◆ Your task ◆
With the pictures left out, restate exactly the part below that opens with the line containing "Le rond bleu" and closes with the line containing "Opto 1/2 folding".

Collection entries:
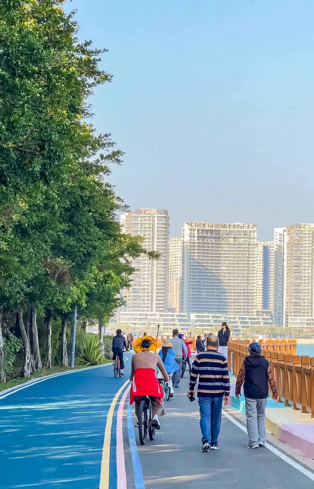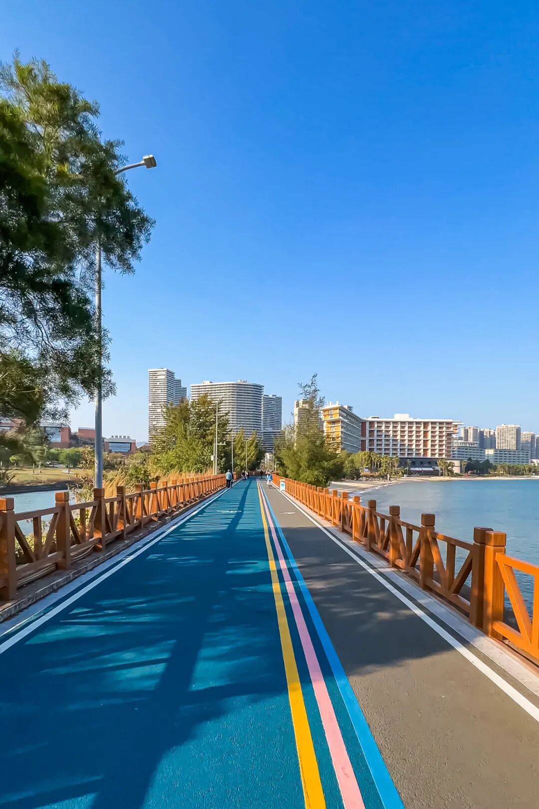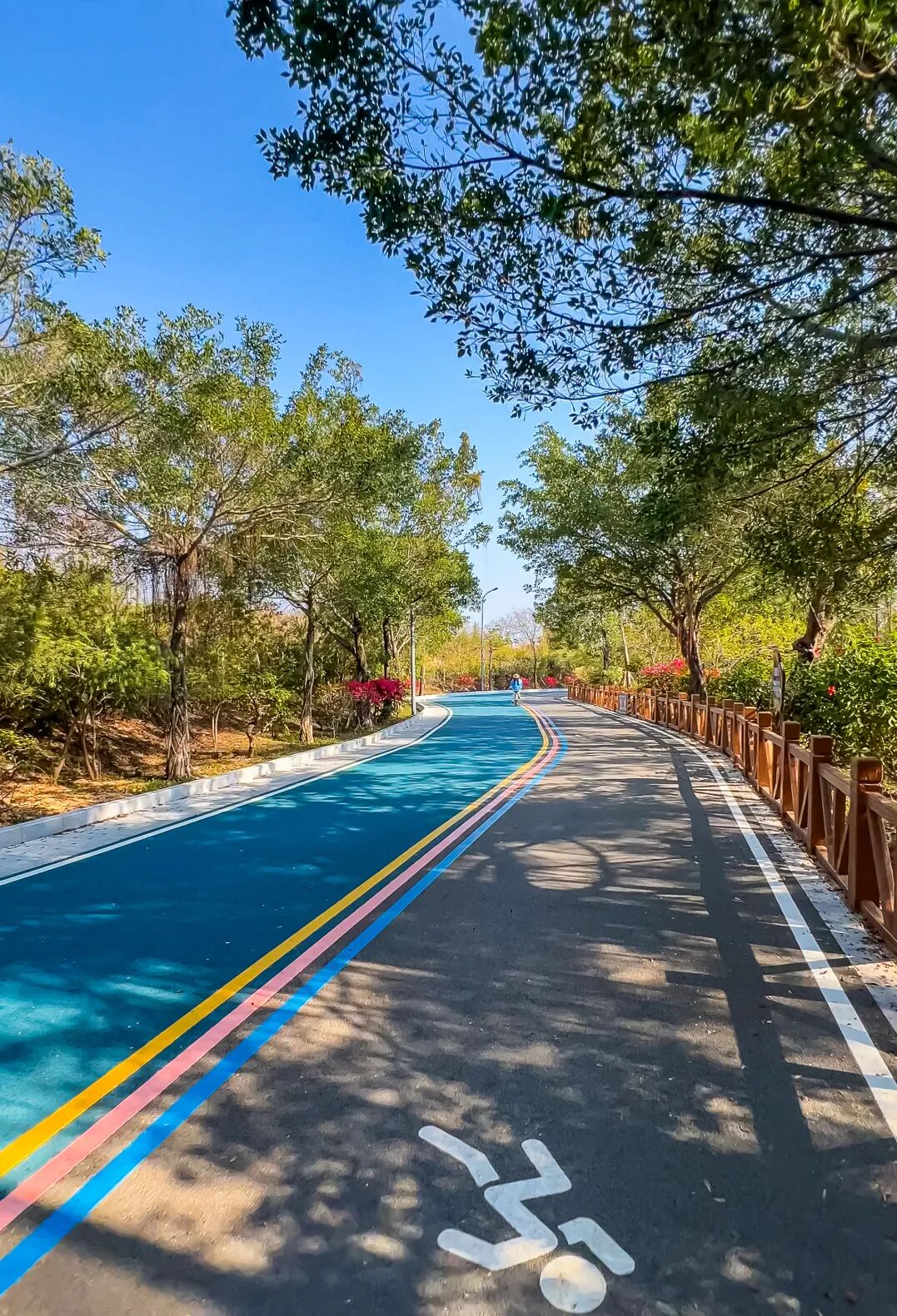 如果说黄金海岸是热烈的序曲,那么乌山头绿道就是一首清新的田园诗。这条绿道依山而建,巧妙地避开了机动车的干扰,设置了骑行绿道和人行道,骑行道与散步道用不同颜色清晰区分,指引明确,老人小孩漫步、骑行都很安心。
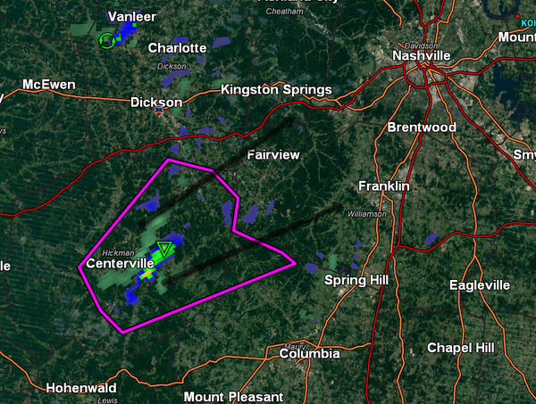 6:48pm – Confirmed tornado near Centerville, TN, moving northeast at 60mph!
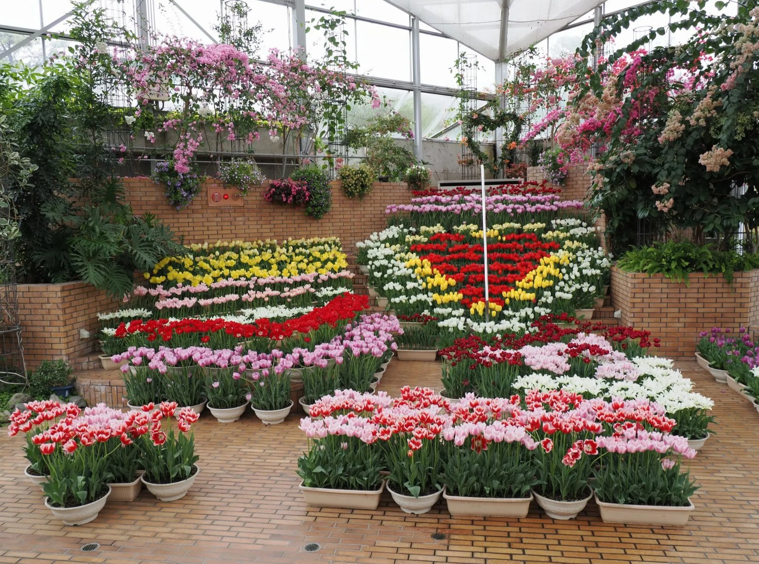 チューリップまつり2026の一番最初のイベント。加温し早く咲かせたチューリップの鉢植えが大温室(フラワーホール)に延べ400鉢並びます。まだ外は少し肌寒いですが、温かい場所でゆっくり観賞ください。
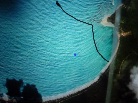 Le rond bleu c'est notre mouillage et la zone marquée de noire , celle à éviter .
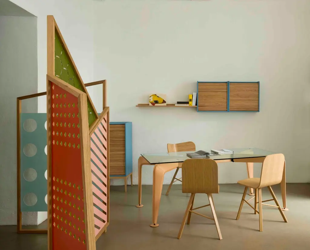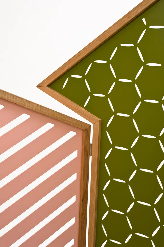 Opto 1/2 folding screen, colors Lacquered by Colé Italia with Lorenz + KazDimensions: H 200, W 300, D 4 cmMaterials: Laser-cut metal panels inside the frame.Finishing: Natural Oak WoodAlso Available: Natural Oak, Black Oack, and Black Anthracite or Lacquered in four bright colors orange, green, rose, pale blue.It’s name is Opto because clearly inspired by the art world and, in particular, to optical Bauhaus works by Lazlo Moholy Nagy. Solid wood frame in oak wood, with an irregular geometry. Laser-cut metal panels inside the frame, black anthracite or lacquered in four bright colors. Custom finishing available.Colé is a young Italian design brand, with a high-end production 100% made in Italy. Born from the experience of Matteo De Ponti, architect, who grew up in one of the most outstanding Milanese design families, and the artistic sensibility of Laura Macagno, degree in Economics and passionate of art and design. Our Mission is to create design icons, beautiful and comfortable pieces that can Stand the test of time, furnishing houses of international and sophisticated clients, and realized with craftsmanship, thus unique. “We love objects which own deep roots, excellent quality, and a strong evocative power. Archetypal forms dressed with new beauty without losing their classical composure”.Our expressive research is inspired by the utopian force of Italian eminences grises architects and designers of the ’50s, the Scandinavian design, the Bauhaus, ethnic handcraft and houses of famous writers of the XX century, all different as a style but united by the intense soul of those who worked and lived there.
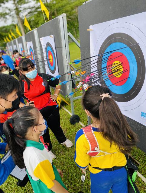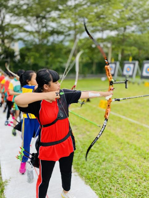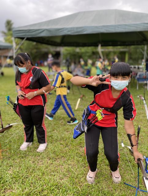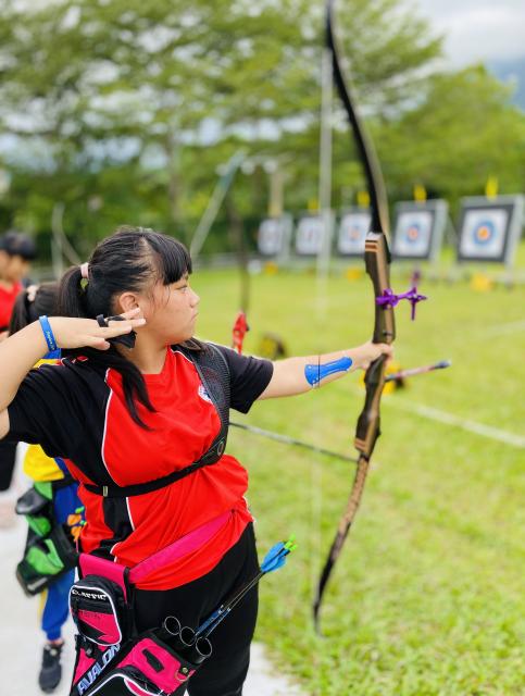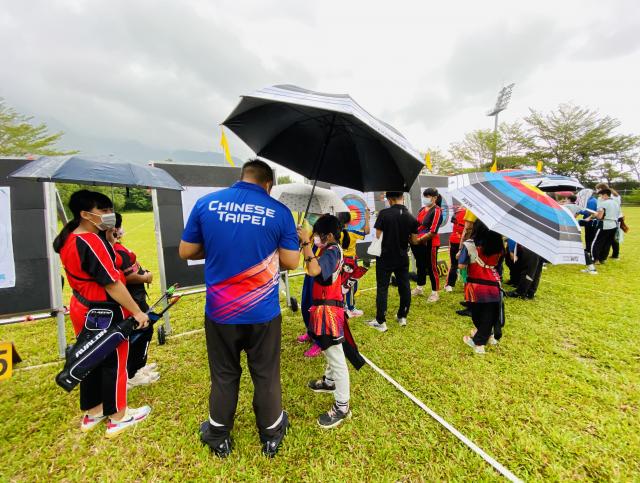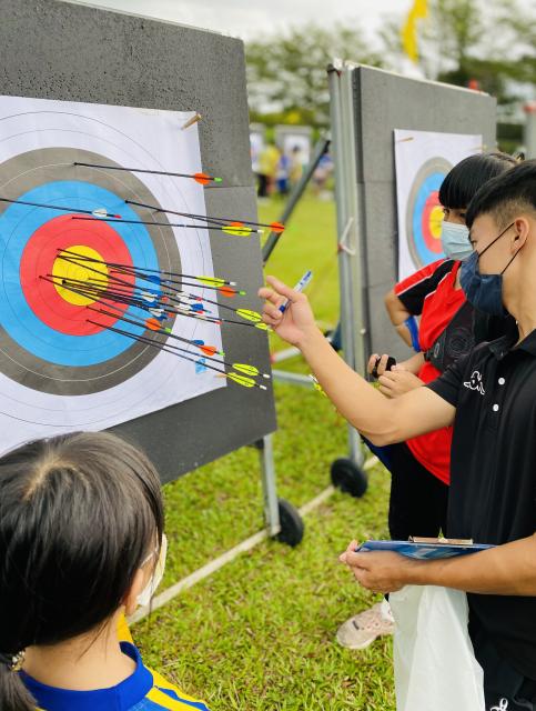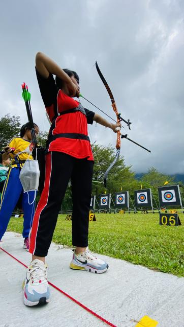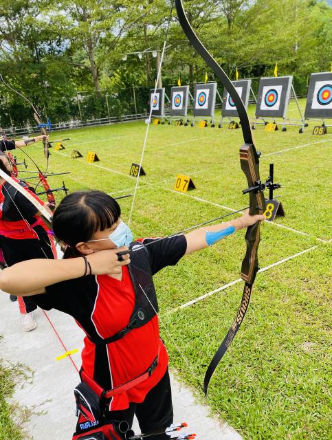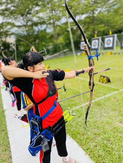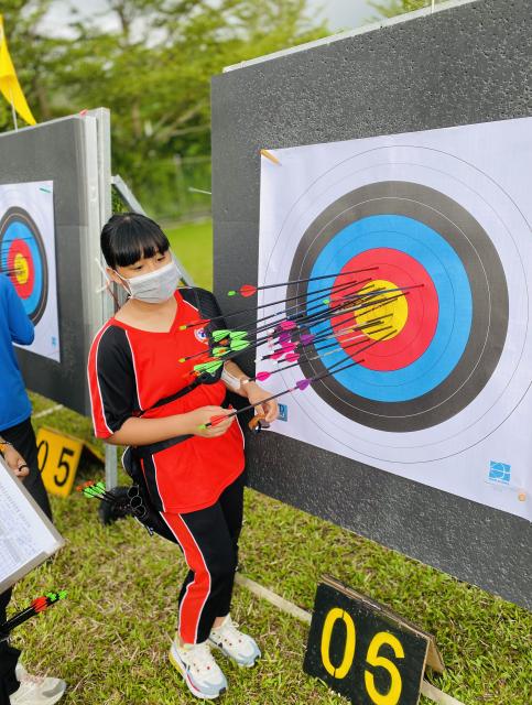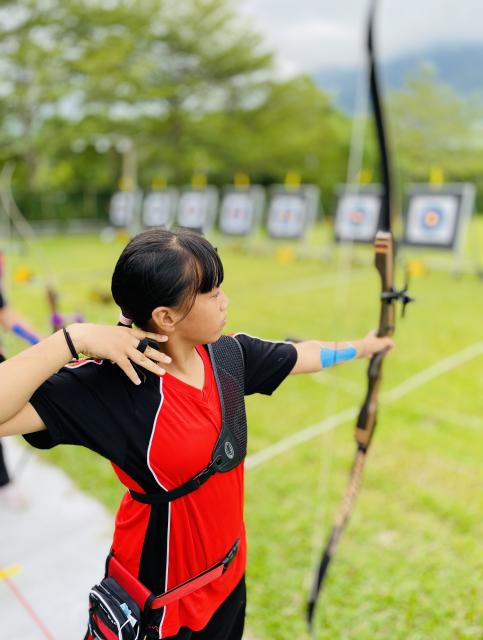 雖然有公開練習的時間,孩子們依舊難掩緊張心情,第一箭射出,抓住哪種感覺,咻咻咻,無不考慮,一次6箭,要六次才算一局,而今天比賽共兩局,如果滿分就是720分耶!
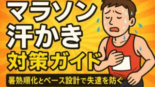 大会・コース マラソン汗かき不利なのか?暑熱順化とペース設計で汗の多さを強みに変える|大量発汗でも失速しない実践対策ガイド! マラソン 汗かき 不利に悩むランナーへ。発汗量の見える化と給水・塩分の最適化、吸汗速乾ウェアや冷却テク、暑熱順化とペース設計で失速を防ぐ実践ガイド。 2025.09.08 大会・コース
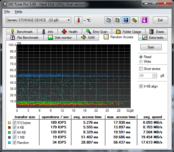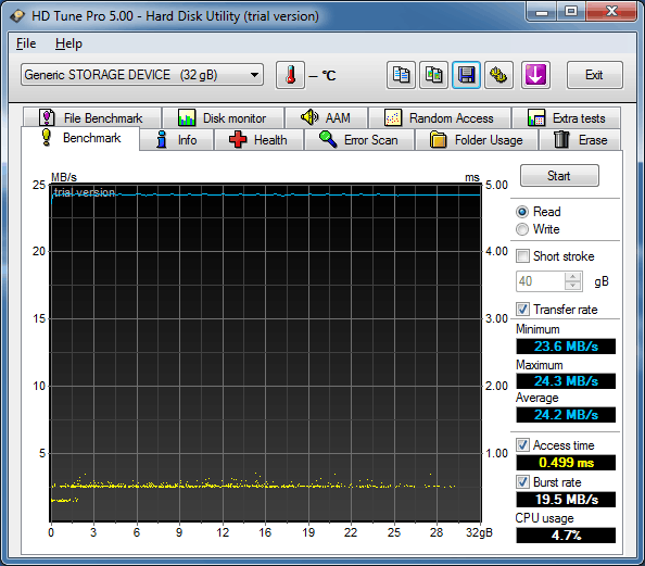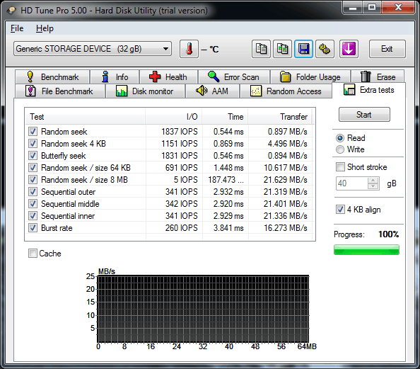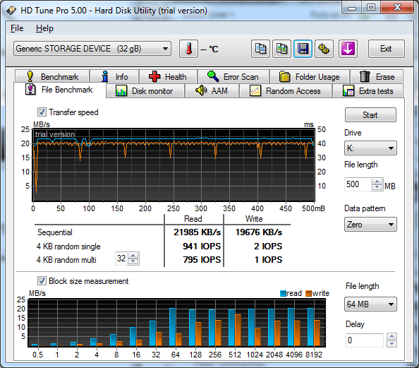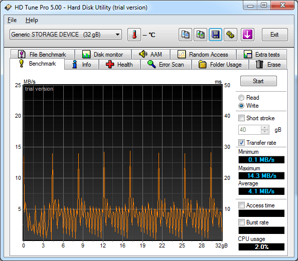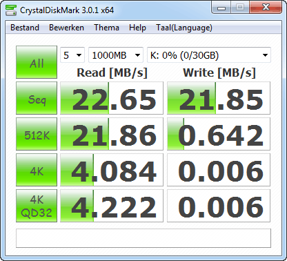 De leessnelheid is met een stabiele 24 MB/s wat mij betreft zeker best redelijk. Van de schrijfsnelheid ben ik echter minder te spreken. De gewone write benchmark binnen HD Tune geeft een merkwaardig resultaat. De file benchmark toont betere resultaten, waarbij de schrijfsnelheid gemiddeld boven de geadverteerde 10 MB/s ligt.
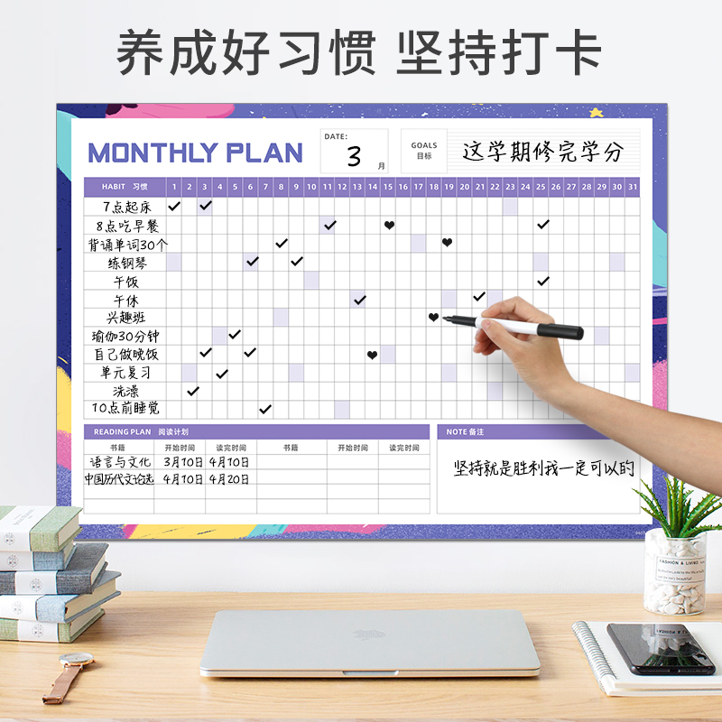 Rewritable monthly planner daily check-in learning 30-day goal work schedule planning memo magnetic wall sticker - Taobao
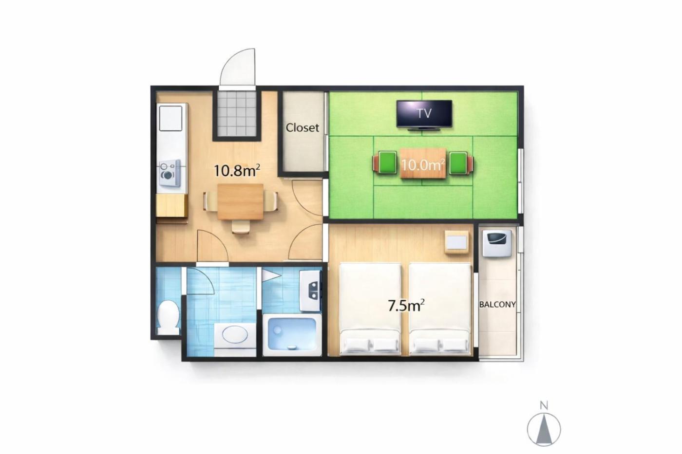 One-Bedroom Apartment. This apartments special feature is the hot tub. Featuring a private entrance, this air-conditioned apartment comprises a kitchen, 1 bedroom and 1 bathroom with a bath and a shower. Meals can be prepared in the kitchen, which is equipped with a refrigerator, a microwave and a tea and coffee maker. This apartment features a washing machine, tatami, a flat-screen TV with streaming services and a balcony. The unit offers 1 bed.
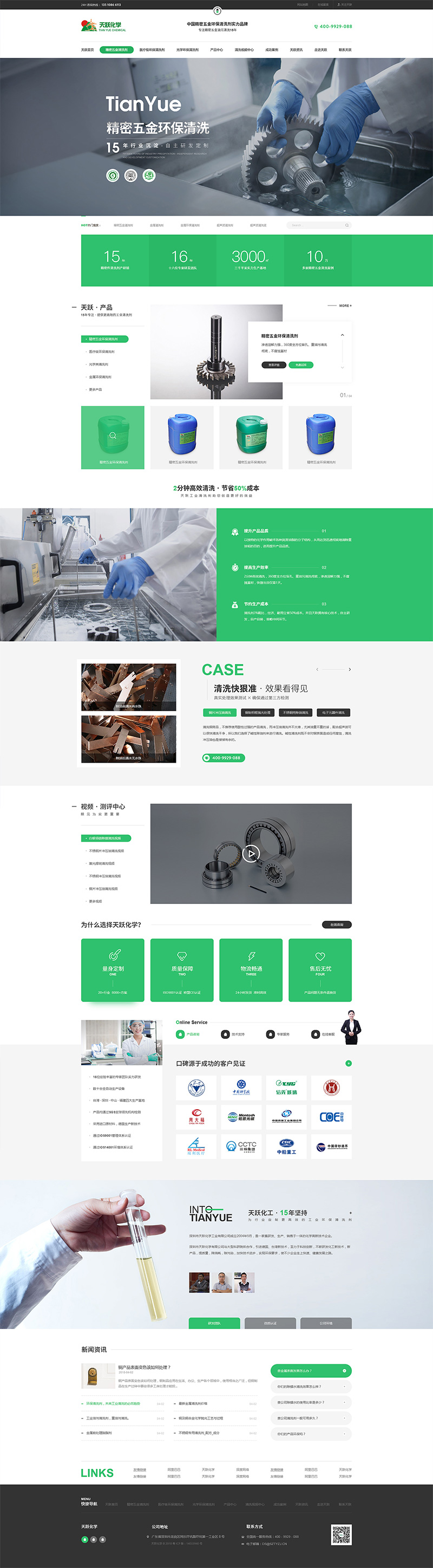 天躍化學引進臺灣最新科技配方,研發出了一系列的高新產品,環保工業清洗劑,食品醫療級清洗劑等,以“市場作為導向,科技為動力,質量是生命”為公司一貫的經營方針,“科技、環保、安全、高效”是公司賴以生存的企業精神,也獲得了諸多認可,服務客戶包括海爾、金寶集團、中科院等權威企業和單位。

◆ Expected answer ◆
 Le rond bleu c'est notre mouillage et la zone marquée de noire , celle à éviter .
 Opto 1/2 folding screen, colors Lacquered by Colé Italia with Lorenz + KazDimensions: H 200, W 300, D 4 cmMaterials: Laser-cut metal panels inside the frame.Finishing: Natural Oak WoodAlso Available: Natural Oak, Black Oack, and Black Anthracite or Lacquered in four bright colors orange, green, rose, pale blue.It’s name is Opto because clearly inspired by the art world and, in particular, to optical Bauhaus works by Lazlo Moholy Nagy. Solid wood frame in oak wood, with an irregular geometry. Laser-cut metal panels inside the frame, black anthracite or lacquered in four bright colors. Custom finishing available.Colé is a young Italian design brand, with a high-end production 100% made in Italy. Born from the experience of Matteo De Ponti, architect, who grew up in one of the most outstanding Milanese design families, and the artistic sensibility of Laura Macagno, degree in Economics and passionate of art and design. Our Mission is to create design icons, beautiful and comfortable pieces that can Stand the test of time, furnishing houses of international and sophisticated clients, and realized with craftsmanship, thus unique. “We love objects which own deep roots, excellent quality, and a strong evocative power. Archetypal forms dressed with new beauty without losing their classical composure”.Our expressive research is inspired by the utopian force of Italian eminences grises architects and designers of the ’50s, the Scandinavian design, the Bauhaus, ethnic handcraft and houses of famous writers of the XX century, all different as a style but united by the intense soul of those who worked and lived there.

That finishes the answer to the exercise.